🤖 AI Summary
This work investigates the effectiveness of large language models (LLMs) in assisting interactive theorem proving, particularly within real-world, industrial-scale formal verification tasks. Method: We conduct a systematic evaluation on two authentic verification projects—hs-to-coq and Verdi—using the Rocq proof assistant, employing both quantitative metrics (success rate, proof length, error rate) and qualitative analysis (tactic reasonableness, technical reusability). Contribution/Results: LLMs demonstrate strong capability in generating concise, high-quality formal proofs aligned with classical proof styles, scaling effectively from small to large proofs. Performance critically depends on external dependency information and contextual modeling quality, exhibiting marked heterogeneity across projects. While rare anomalous errors occur, they are substantially mitigated via context enhancement. To our knowledge, this is the first empirical study to characterize LLM capabilities and key limiting factors—such as dependency awareness and context fidelity—in realistic, production-grade formal verification settings, thereby providing foundational evidence and practical guidance for LLM-augmented trustworthy software verification.
📝 Abstract
Large language models (LLMs) can potentially help with verification using proof assistants by automating proofs. However, it is unclear how effective LLMs are in this task.
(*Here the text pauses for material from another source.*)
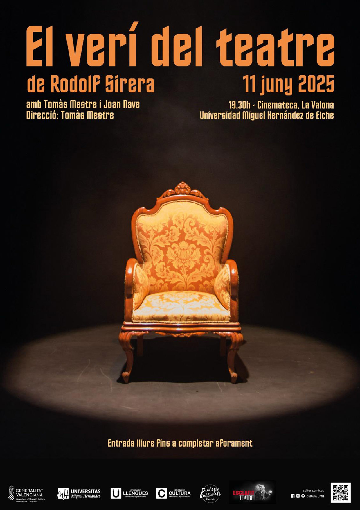 El Vicerectorat de Cultura, Igualtat i Diversitat de la UMH, dins del projecte Diàlegs culturals: Elx – UMH, organitza la representació de El verí del teatre, de Rodolf Sirera, a càrrec de la companyia Esclafit Teatre, amb Joan Nave i, el director, Tomàs Mestre.

In this paper, we perform a case study based on two mature Rocq projects: the hs-to-coq tool and Verdi. We evaluate the effectiveness of LLMs in generating proofs by both quantitative and qualitative analysis. Our study finds that: (1) external dependencies and context in the same source file can significantly help proof generation; (2) LLMs perform great on small proofs but can also generate large proofs; (3) LLMs perform differently on different verification projects; and (4) LLMs can generate concise and smart proofs, apply classical techniques to new definitions, but can also make odd mistakes.